Chronique d’un été (1961)

Wednesday, October 29th, 2008 by Jarrod Whaley

Images of people, people as images.

Images of people, people as images.

The first films ever made were documentaries. Cinematic technology was, of course, the child of photography, and so the first filmmakers instinctively used their new toy much as they’d previously used their older silver-on-celluloid-based toys: they captured little bits of reality for posterity. There was little–if any–artistry to be found in these actualités, as reality-based films were then known. Workers filed out of factories, trains steamed frighteningly forward, elephants were electrocuted for the purpose of industrial agitprop, and parents ate meals with their babies. This wasn’t yet entertainment–it was a fascinating technological novelty.

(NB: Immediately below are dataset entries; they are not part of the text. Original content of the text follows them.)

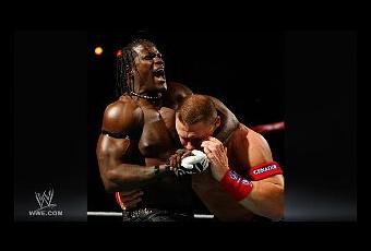 Très Vite R-Truth, qui ne fait pas le poids ni techniquement ni physiquement, va quitter le ring pour apostropher des gens du public.
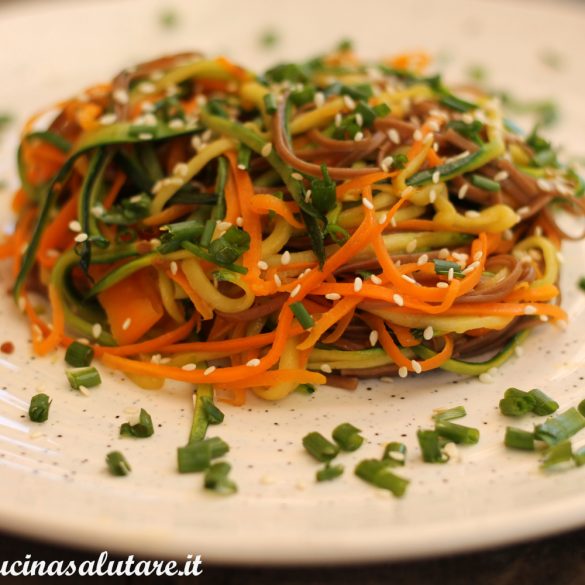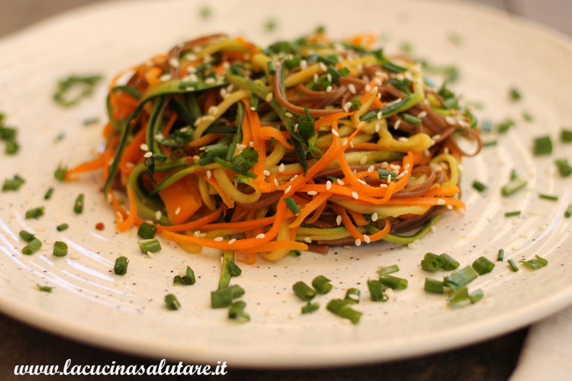 Soba con verdure croccanti. La soba è una pasta di grano saraceno, tipica della cucina giapponese. Viene mangiata sia calda sia fredda, perfetta quindi per preparare i vostri pranzi da consumare fuori casa. La potete acquistare nei supermercati dove si trovano i prodotti etnici, nei negozi orientali o molto spesso presso i supermercati Lidl durante le settimane asiatiche. La soba è veramente squisita, originale e molto versatile. Il tempo di cottura è molto breve (circa 3 minuti), il ché è molto utile quando non avete troppo tempo da dedicare alla cucina. Il piatto che vi propongo oggi lo potete preparare in pochi minuti per un pranzo leggero, sano e genuino. Provatelo perché è veramente buono.
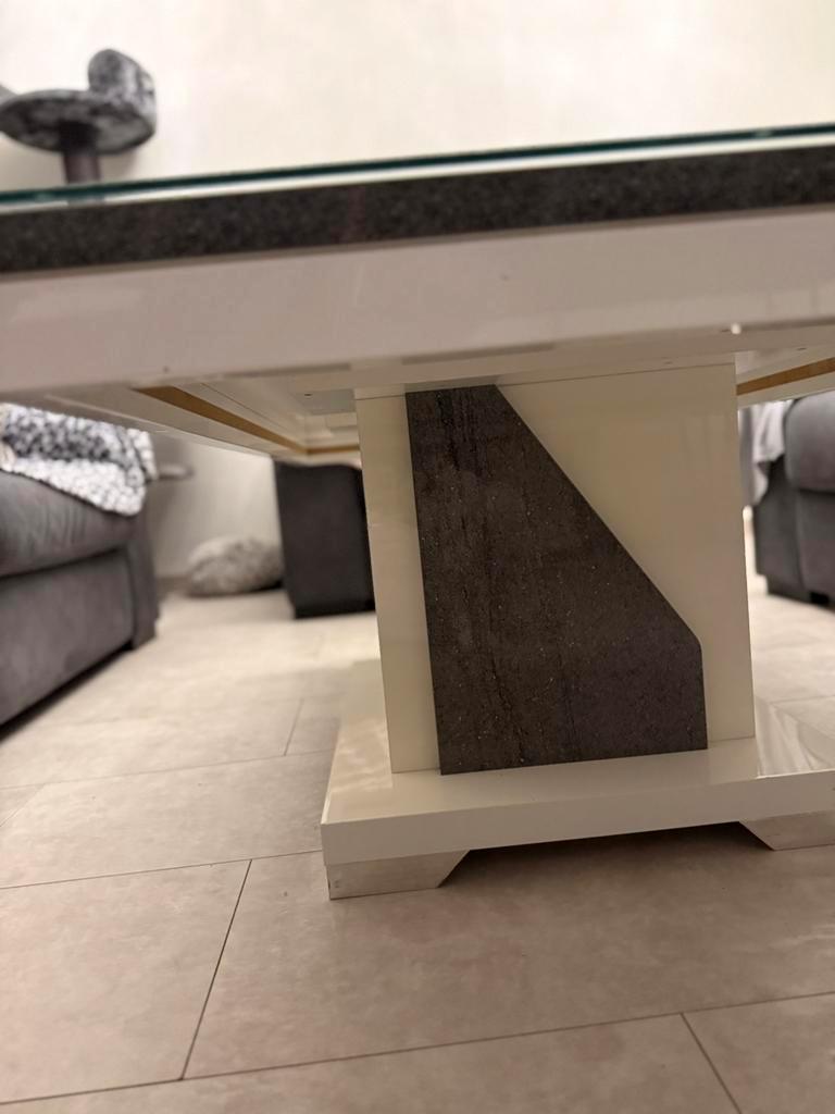 Eettafel + 6 stoelen en salontafel met glas erop kan voor zeer weinig worden opgehaald. Zijn gebruikt maar kan zeker nog een ronde
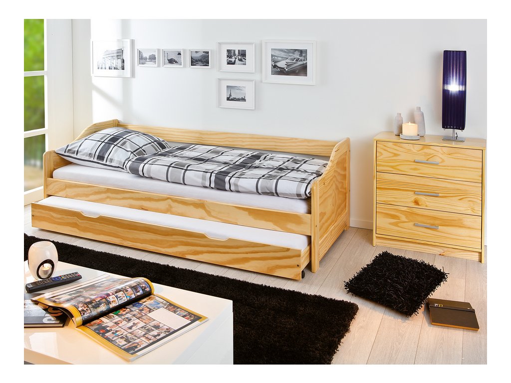 LAURA postel s výsuvnou přistýlkou 8808, borovice masiv
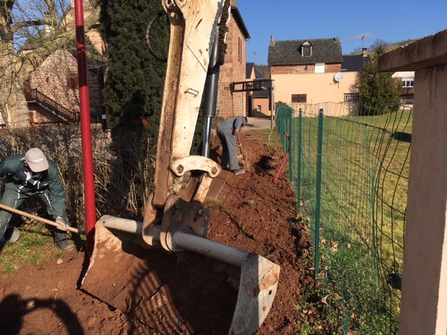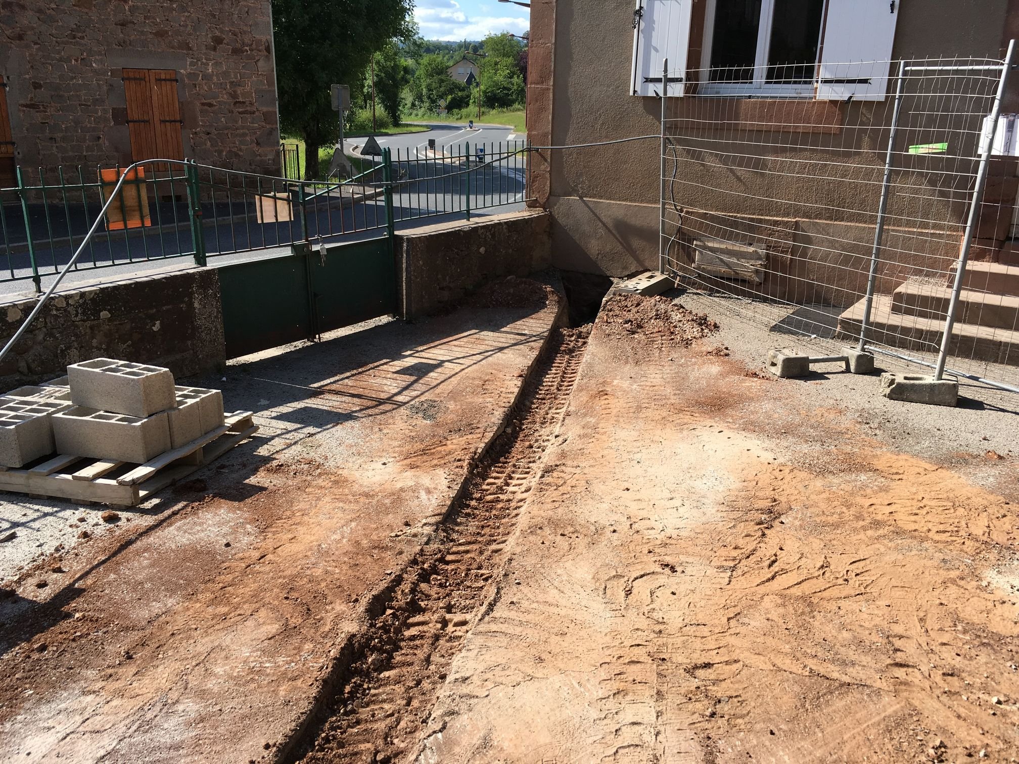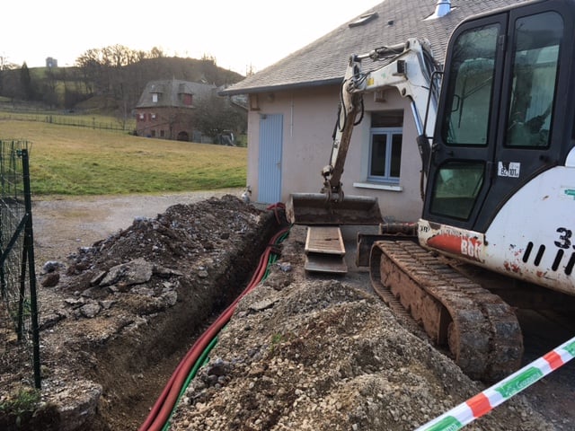 La tranchée et l'enfouissement des gaines pour la liaison électrique et réseau entre la salle des fêtes et la mairie vient d'être effectuée. Prochainement, le câblage va être réalisé afin d'apporter le réseau internet à la salle des fêtes depuis l'accès mairie. Ceci permettra des économies de fonctionnement avec une meilleure gestion des abonnements téléphoniques et électriques.

It was only a few years, however, until pioneers like Georges Méliès began to experiment with the cinema’s more fantastical possibilities, and almost immediately from (roughly) that point forward the cinema began to metamorphose into the primarily fictive, narrative medium with which we are all now familiar. Embedded within this transformation is the root from which the essential and inscrutable conundrums of the modern cinema have grown: if the filmmaker’s camera is capable only of recording that which is physically placed before its aperture in the real world, how are we to reconcile that fact with our common use of the technology for the creation of fictional works? What are the metaphysical and/or spiritual implications of a machine which is capable of turning objective reality into artifice? Can we really trust this camera’s “eye”? For that matter, can we truly trust our own? And perhaps most perplexingly of all, is it wise to accept a documentary as an objective representation of reality given the medium’s capacity to distort and to fantasticize actual events, even when clearly the camera is capable only of recording that which truly happens in its presence? Don’t the filmmakers’ aesthetic tastes, political predilections, and philosophical leanings get in the way of objectivity?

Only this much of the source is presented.